Out of all the smoker recipes, making this pulled pork sandwich recipe from a Boston Butt is my absolute favorite. They are quick to prepare and cause such anticipation of a meal to remember. I have never had company leave disappointed from any of our Boston butt meals. However this seems to be a huge hit with the kids.

Start with a dry rub recipe for the Boston butt. You’ll only need a few things:

  1. a Boston butt. I usually ask the folks at the meat department for an extra lean butt.
  2. your favorite dry rub.
  3. a pan to rub the dry rub into the butt.
  4. a hot smoker to put the Boston butt into for about 12 hours.

and that’s it!

When the Boston butt has been in your smoker, we love our Brinkmann Smoker for this, for about 12 hours or until your meat is around 170 degrees it is time to remove it from the smoker.

We then place the butt into a Le Creuset Dutch oven for at least 45 minutes (1 hour is the best) and then remove it to the cutting board. If you don’t have a Le Creuset Dutch oven, any covered pot will do, or wrap it in aluminum foil.

The second to last step is pulling the meat off the bone and then apart into shred like pieces.WARNING: You will be tempted to pick the meat and have many samples. This can cause disgruntled guests.

The last step in the recipe for pulled pork sandwiches is to serve the meat on a nice roll and add your favorite barbecue sauce. From there add your favorite side dishes, like this baked bean recipe, and enjoy.

Recipe For Pulled Pork, A Family Event

Preparing our recipe for pulled pork is a family event at my house. My wife and daughters love to help prepare for the day and they love to get everything ready for our guests. A day or two before you plan this recipe for pulled pork, you need to purchase the meat and put the first coat of our secret dry rub.

The cut of meat you will need for this recipe is called a Boston Butt.  To make the pulled pork recipe, take butt out of the packaging and place it into a pan.


Next rub a coat of our special dry rub all over it, turning it from side to side and upside down.


Cover the Boston Butt with plastic wrap and refrigerate.

On the day I smoke the meat for this recipe for pulled pork, I start early in the morning, usually by 7 a.m. with the following steps. First get the coals started by piling the charcoal in the smokers charcoal tray into a pyramid looking pile. Next squirt a little lighter fluid over the pile. Take and light a match and drop it on the coals. The smoker is going.

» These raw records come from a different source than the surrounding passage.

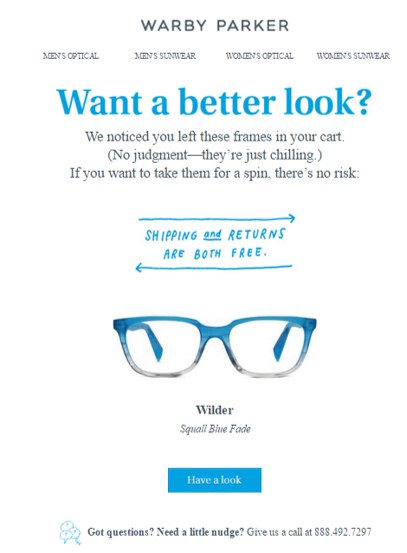 倭黑猩猩当然知道如何创建一个独特的购物车放弃电子邮件。 该品牌使用他们的真实调的打造,抓住从标题消费者的注意正确的一个有吸引力的电子邮件。 此外,复制专注于提供帮助,同时呼吁采取行动是明确的,旨在提高转换与直接的方法。
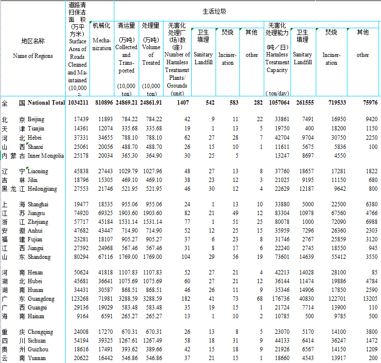 住建部發(fā)布《2021年城鄉(xiāng)建設(shè)統(tǒng)計年鑒》,2021年全國道路清掃保潔面積為1034211萬平方米,無害化處理廠達1407座,其中衛(wèi)生填埋場542座,垃圾焚燒廠583座,無害化處理能力達1057064噸/日,詳情如下:
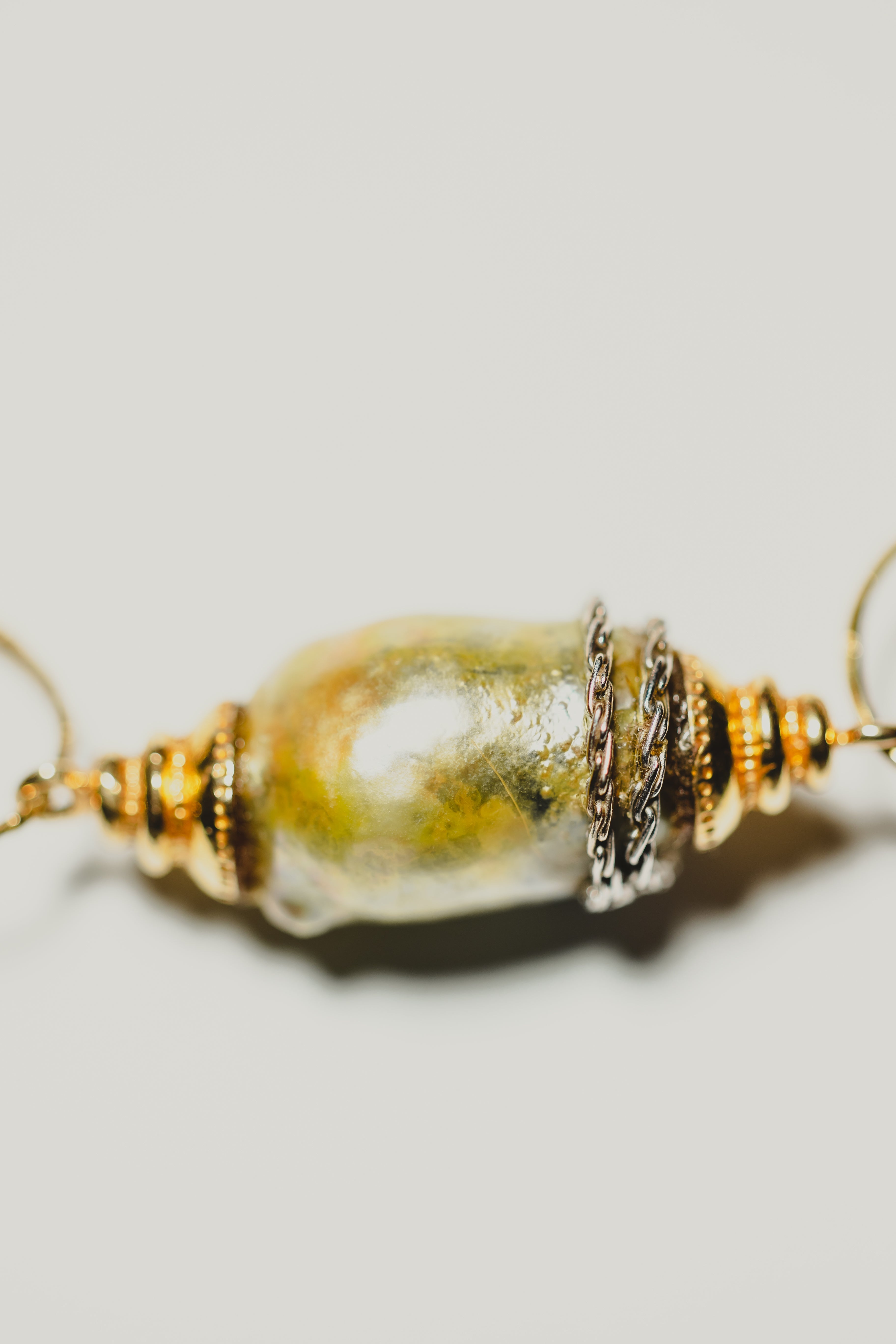 The 18K interlocking circular chain suspends a pistachio colored gift of nature and she feels like a dream on.
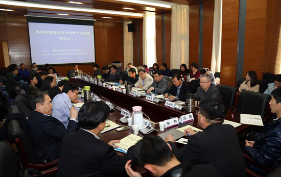 【香港商報網訊】記者邢寶華、通訊員郝靜秋 侯曉莉報道:朝鮮12日再次發射一枚彈道導彈後,美國總統特朗普13日稱,美國將以“非常强硬”的態度對待朝鮮。在此背景下,特朗普政府執政後朝鮮半島的局勢顯得更加複雜、嚴峻。如何正確研判特朗普政府的半島戰略?如何走出朝鮮半島的安全困境?中國將如何應對美日韓同盟關係?如何處理中朝韓三國關係?2月14日,圍繞這一系列問題,由朝鮮半島研究協同創新中心主辦、南開大學周恩來政府管理學院承辦的“美國特朗普政府的朝鮮半島戰略”研討會在天津南開大學舉行,來自全國的五十余名專家學者、雜志主編以及媒體代表圍繞“美國特朗普政府的朝鮮半島戰略與朝鮮半島局勢的走向”這一主題展開交流討論。
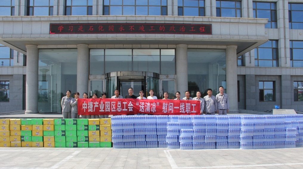 集團(tuán)公司訊 中捷產(chǎn)業(yè)園區(qū)總工會(huì)將“我為群眾辦實(shí)事”實(shí)踐活動(dòng)與推動(dòng)落實(shí)《安全生產(chǎn)法》、《防暑降溫措施管理辦法》等法律法規(guī)結(jié)合起來,聯(lián)手河北中捷石化集團(tuán)工會(huì),深入一線,送上酷暑里的清涼。7月20日上午,園區(qū)總工會(huì)領(lǐng)導(dǎo)一行來到集團(tuán)公司,向一線伙伴們送上誠摯的慰問。集團(tuán)公司黨委副書記、工會(huì)主席朱振江,新啟元公司工會(huì)主席張金甫,以及來自生產(chǎn)部門的10余名代表盛情接待。

I let the coals burn for about 35 – 40 minutes. They need to get nice and hot, and the lighter fluid needs to burn off before continuing on to the next step of this recipe for pulled pork, placing the Boston Butt on the grill.

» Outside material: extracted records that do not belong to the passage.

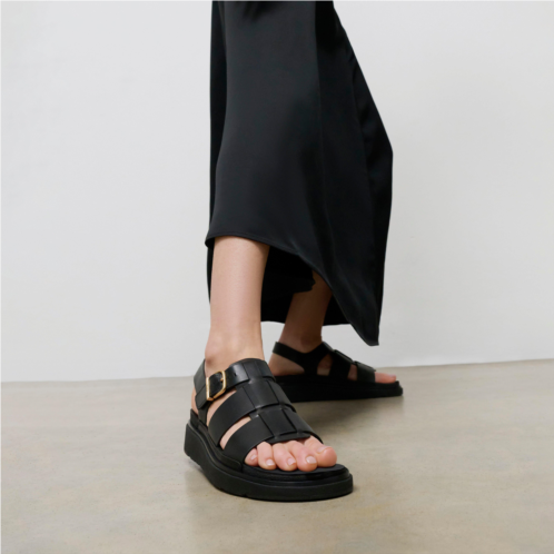 This fisherman boasts a directional chunky sole and neat interwoven-strap upper. Beautifully crafted in a rich luxe leather that has tone and depth. A curvy brushed-metal buckle adjusts the fit. With minimal stitching and leather linings/welts adding to the refined feel. On a light clean-look version of our ultra-cushioned Microwobbleboard midsole. The sensible-chic shoes of the season they’re unlikely to leave your feet.
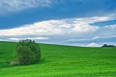 Stado bocianów i Czaple szare w pobliżu lonely drzewo. W tle widać burzliwy dekoracje
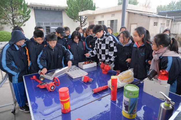 在防灾科学与安全技术研究所,硕士研究生周鹏辉为同学们展示了各类灭火仪器和楼层逃生装置;龙邈天和盛子琼讲解了火灾的多种类型以及灭火原理与方法,并演示了干粉灭火器的正确使用方式。同学们的学习热情高涨,积极提问,并亲自体验了利用干粉灭火器扑灭小型油池火的实验;何凡组织同学们观看了校园消防安全科普视频,并基于视频内容开展了消防安全知识问答竞赛,帮助同学们熟练掌握校园火灾应急处理和逃生方法。
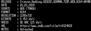 | FiLENAME: | Crimson.Wedding.S01E02.GERMAN.720P.WEB.X264-WAYNE.mkv |
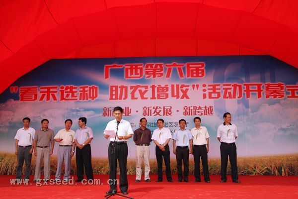 自治區(qū)農(nóng)業(yè)廳韋祖漢副廳長主持了啟動(dòng)儀式,農(nóng)業(yè)廳張明沛廳長、全國農(nóng)技中心鄧光聯(lián)副主任、自治區(qū)農(nóng)科院鄧國富副院長、南寧市李國忠副市長等領(lǐng)導(dǎo)以及全區(qū)14個(gè)市農(nóng)業(yè)局分管領(lǐng)導(dǎo)、種子站代表、企業(yè)代表等出席活動(dòng)開幕式。
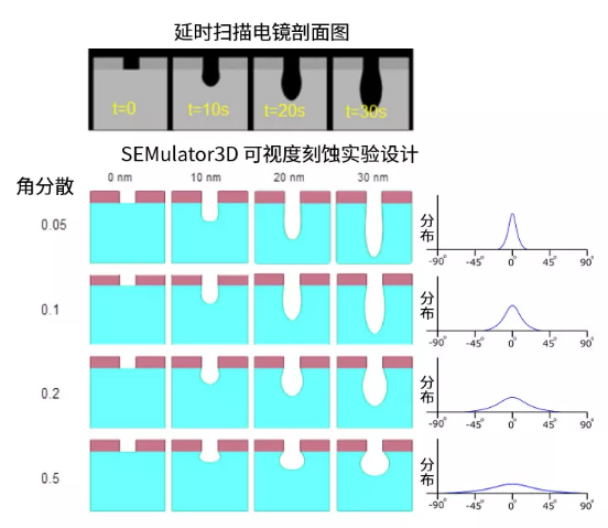 图3:模拟实验设计与延时SEM的比较。模拟实验设计使用了恒定刻蚀量和不同的角分散(高斯分布的标准差),进行模拟并显示增量材料删除步骤失效。右侧的直方图说明了角度分布与软件中数值设置的相关性(不按比例)。刻蚀工艺的实际角分散是通过找到与刻蚀轮廓最匹配的模拟实验设计结果来确定的。
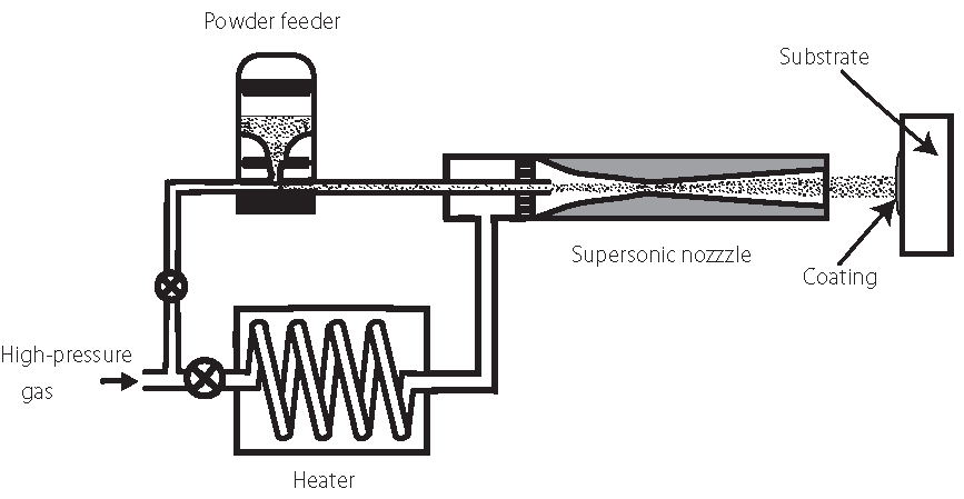 Diagram illustrating the system of a cold-spray gun system. Licensed under CC BY 4.0 via Wikimedia Commons.
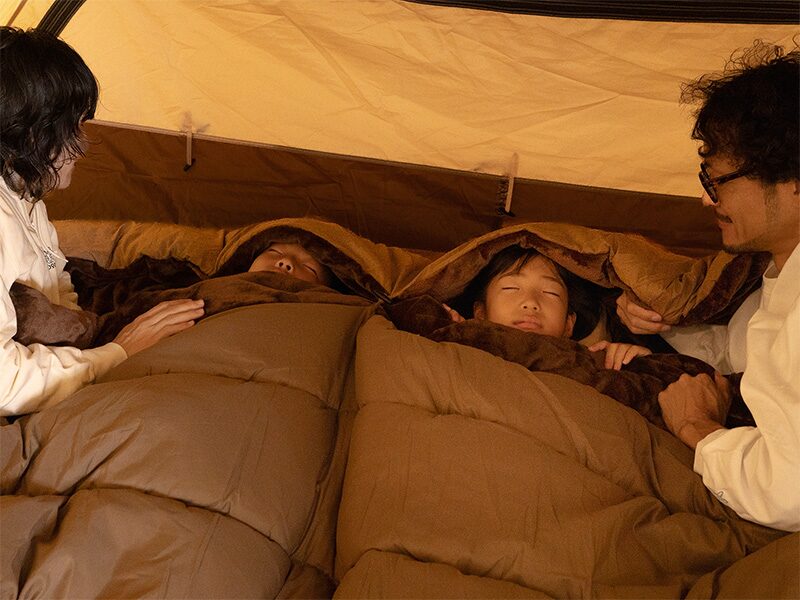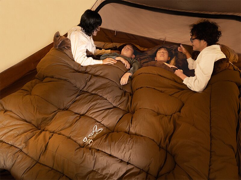 わがやのシュラフRICHは、幅230cmの圧倒的な広さで、家族全員を一枚で包み込む最大4人用のシュラフです。どんな寝相のお子様でも、はみ出す心配はもうありません。親も朝までぐっすり眠れます。

As the coals are getting ready, I pull the butt out of the fridge and rub in another of our special dry rub. Once the butt has been rubbed, we take the water bowl and fill it 2/3 of the way with water. The water bowl goes just above the coals and wood chunks in the smoker. I squeeze half of a lemon in the water and place the squeezed lemon in the water bowl. Next, I add the peppercorns, apple slices, ______, and  _________ to the bowl.

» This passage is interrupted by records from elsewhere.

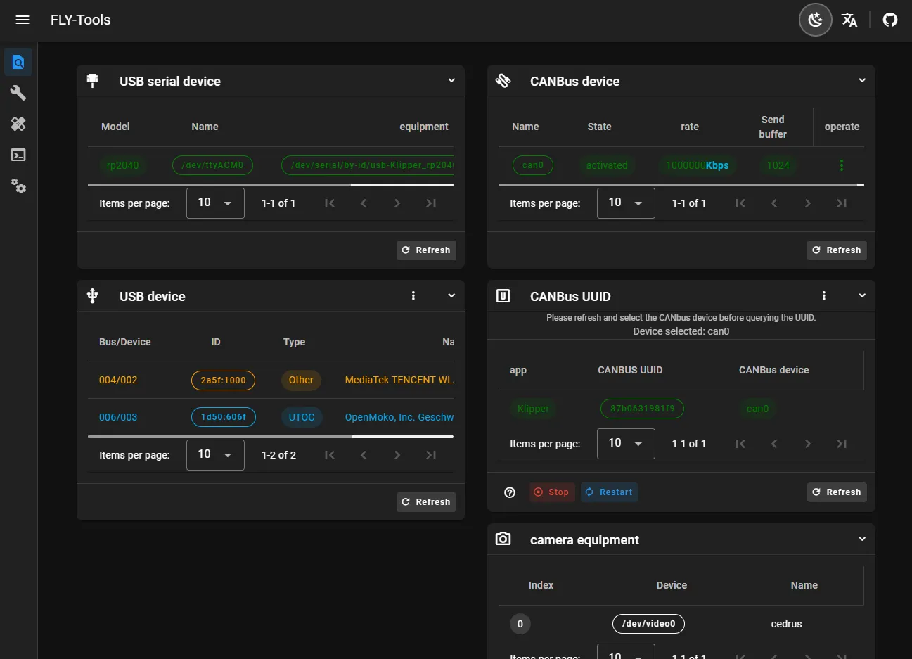 FLY-Tools - это веб-инструмент для отладки, разработанный компанией Guangzhou Magnesium Electronic Technology Co., Ltd. для Klipper. Он подходит не только для Fly HMI (встроенного в систему, установка не требуется), но и совместим с большинством HMI, на которых установлен Klipper.
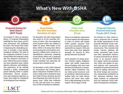 In 2022, OSHA continued to play a crucial role in safeguarding workers. They focused on several key areas, including COVID-19 related guidance, enforcement of existing standards, and outreach and training programs. Due to the ongoing pandemic, OSHA issued and updated guidance to help employers protect their employees from the virus. This included recommendations on masking, social distancing, and other safety measures. Furthermore, OSHA continued its regular enforcement activities, conducting inspections and investigations to ensure compliance with its standards. They prioritized high-hazard industries and focused on preventing serious injuries and fatalities. OSHA also provided various training and educational resources to help employers and employees understand and comply with safety regulations. These resources included online training modules, webinars, and on-site consultations. The agency also continued its partnership programs, working with employers and industry groups to promote safety best practices and reduce workplace hazards. In 2022, OSHA was particularly active in certain industries, such as construction, manufacturing, and healthcare. These industries were identified as high-hazard due to the inherent risks involved in their operations. OSHA conducted targeted inspections and investigations in these areas, focusing on preventing common hazards and ensuring compliance with safety standards. The agency also launched several new initiatives aimed at improving worker safety, including programs to address specific hazards, such as heat stress, falls, and musculoskeletal disorders. These initiatives were designed to provide targeted assistance and guidance to employers and employees in high-risk industries.
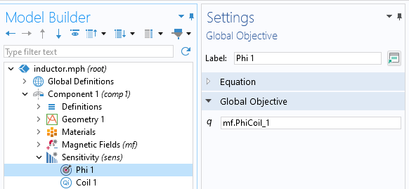 A close-up of the COMSOL Multiphysics UI showing the Model Builder with the Phi feature highlighted and the Settings window for the Global Objective with the Global Objective section expanded.
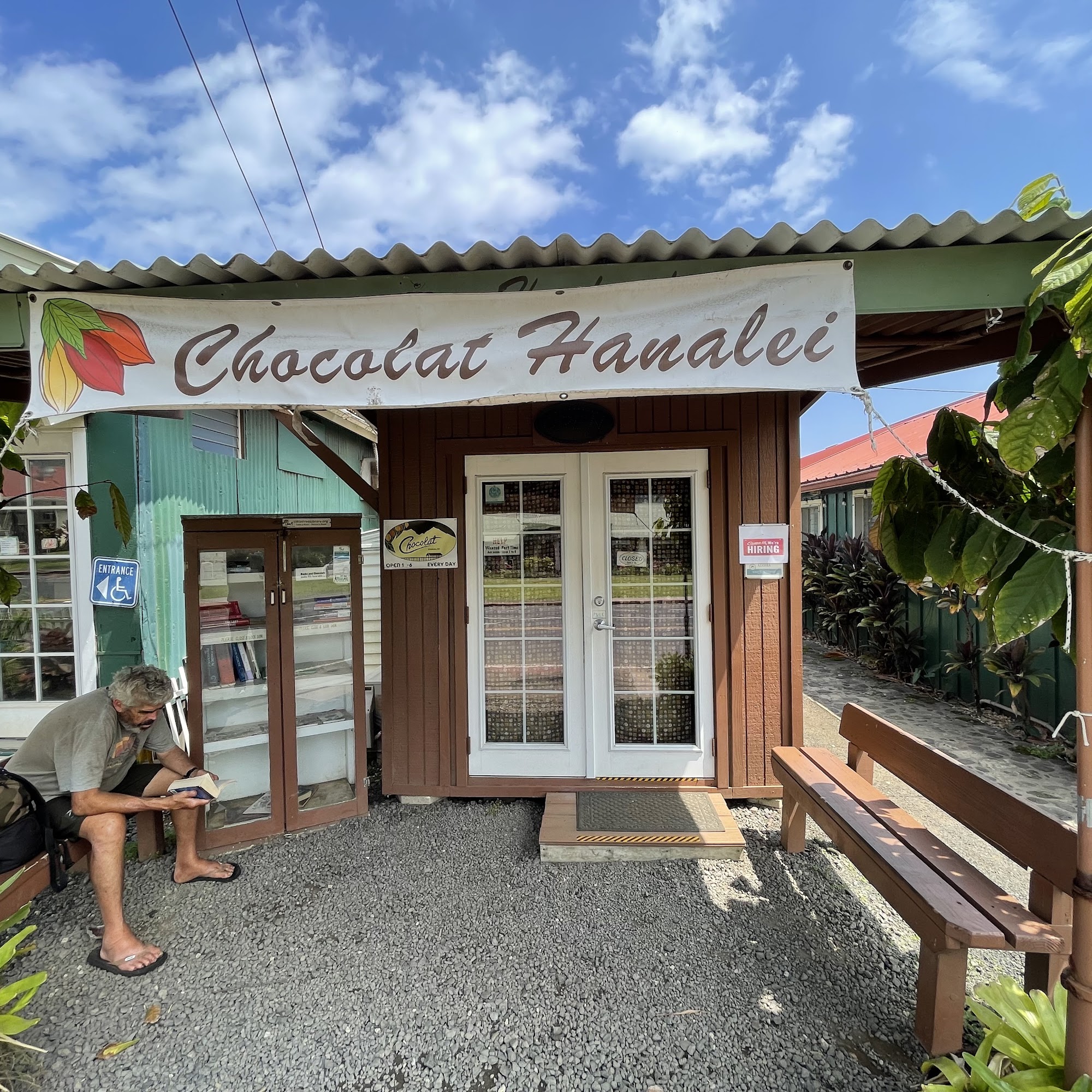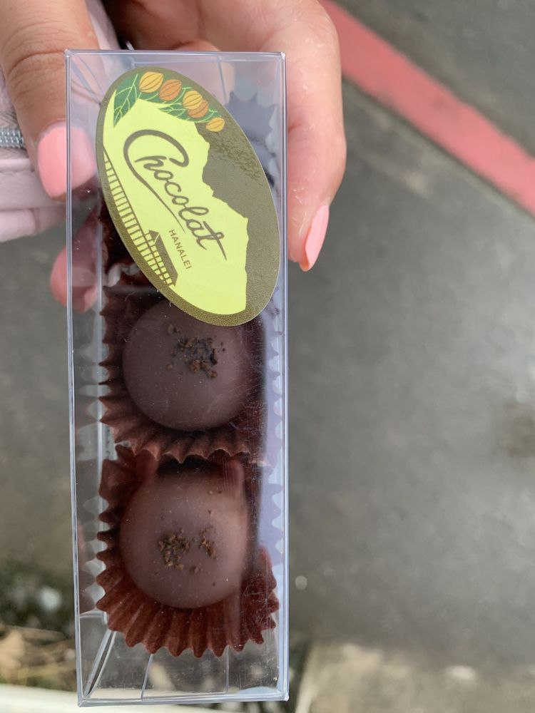 Chocolat Hanalei offers delicious, locally made chocolates crafted on their North Shore farm. Visitors love the variety of treats, including the Kauaʻi 80% chocolate, vegan coconut truffles with organic coconut cream, and salted chocolate bites. The chocolate bars, made from beans grown on the farm, are highly recommended for both tasting and taking home. Customers appreciate the friendly staff who provide great recommendations and share information about the chocolates. The shop features a small selection of artisan chocolates, including praline truffles, peppermint bark, chocolate-dipped mangos, and a small artisan chocolate shake, all praised for their fresh taste and quality. While prices are considered expensive, many feel it’s worth it to enjoy and support a local business. Overall, Chocolat Hanalei offers a delightful chocolate experience with fresh, high-quality products and warm customer service.

Now it’s time to smoke the Boston butt. I place the butt on the top rack of the smoker, fat side up. Next, place the water bowl in the smoker just above the coals. The final step in this recipe for pulled pork is spreading the coals in the tray and adding the wood chunks.

I close the door and the smoke begins to billow out.

I’ll add more wood chunks and charcoal every hour and 15 minutes for the next 10 hours. I also check the water level in the tray and add water as needed.

Around 5 p.m. I’ll check the temperature of the meat, the butt is done when the temperature inside reaches 190°, not over 195°.  I then remove the Boston butt and place it in a Le Creuset Dutch oven and cover for about an hour. Once the meat has had time to cool we pull the pork and serve.

Our family and friends enjoy our meal and never have leftovers! Everyone enjoys this recipe for pulled pork.